■ EXERCISE ■
From the line that contains "把比價(jià)進(jìn)行到底!去哪兒網(wǎng)官宣品牌代言人郭麒麟" to the final line of the records below, print each line exactly and leave every picture out.

■ RECORDS TO PROCESS ■
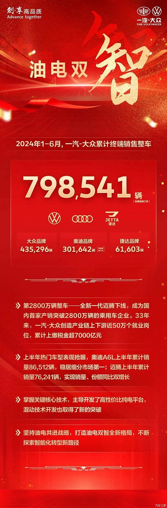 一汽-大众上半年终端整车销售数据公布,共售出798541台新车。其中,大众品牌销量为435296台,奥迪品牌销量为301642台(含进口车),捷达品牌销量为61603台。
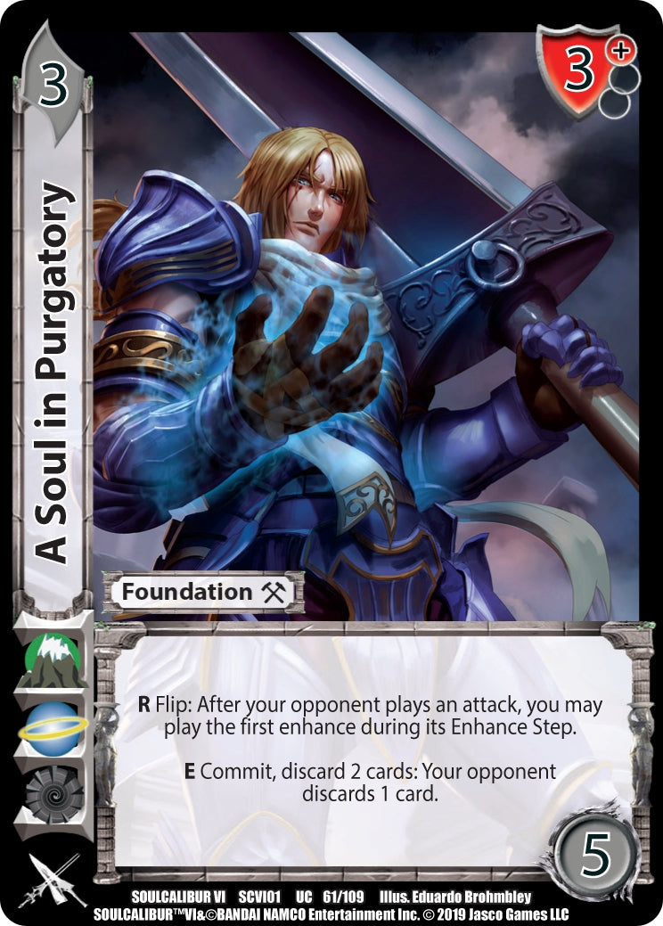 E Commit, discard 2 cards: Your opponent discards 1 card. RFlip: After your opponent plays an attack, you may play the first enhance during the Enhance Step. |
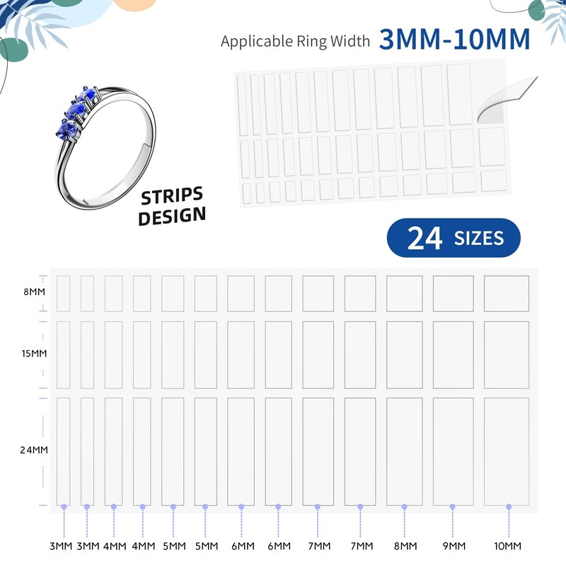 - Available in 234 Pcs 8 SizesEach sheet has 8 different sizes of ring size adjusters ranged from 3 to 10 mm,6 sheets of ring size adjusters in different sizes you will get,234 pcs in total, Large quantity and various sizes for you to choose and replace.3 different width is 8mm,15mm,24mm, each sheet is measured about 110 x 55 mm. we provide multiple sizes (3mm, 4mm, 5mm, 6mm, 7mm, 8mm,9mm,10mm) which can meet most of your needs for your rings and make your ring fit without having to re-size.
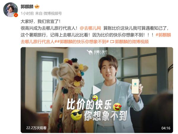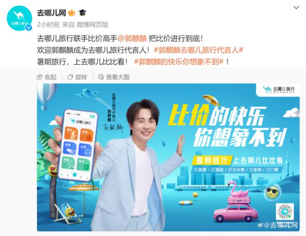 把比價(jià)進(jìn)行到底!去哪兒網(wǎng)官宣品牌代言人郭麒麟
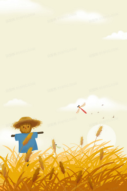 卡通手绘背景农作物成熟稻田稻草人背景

■ EXERCISE OUTPUT ■
 把比價(jià)進(jìn)行到底!去哪兒網(wǎng)官宣品牌代言人郭麒麟
 卡通手绘背景农作物成熟稻田稻草人背景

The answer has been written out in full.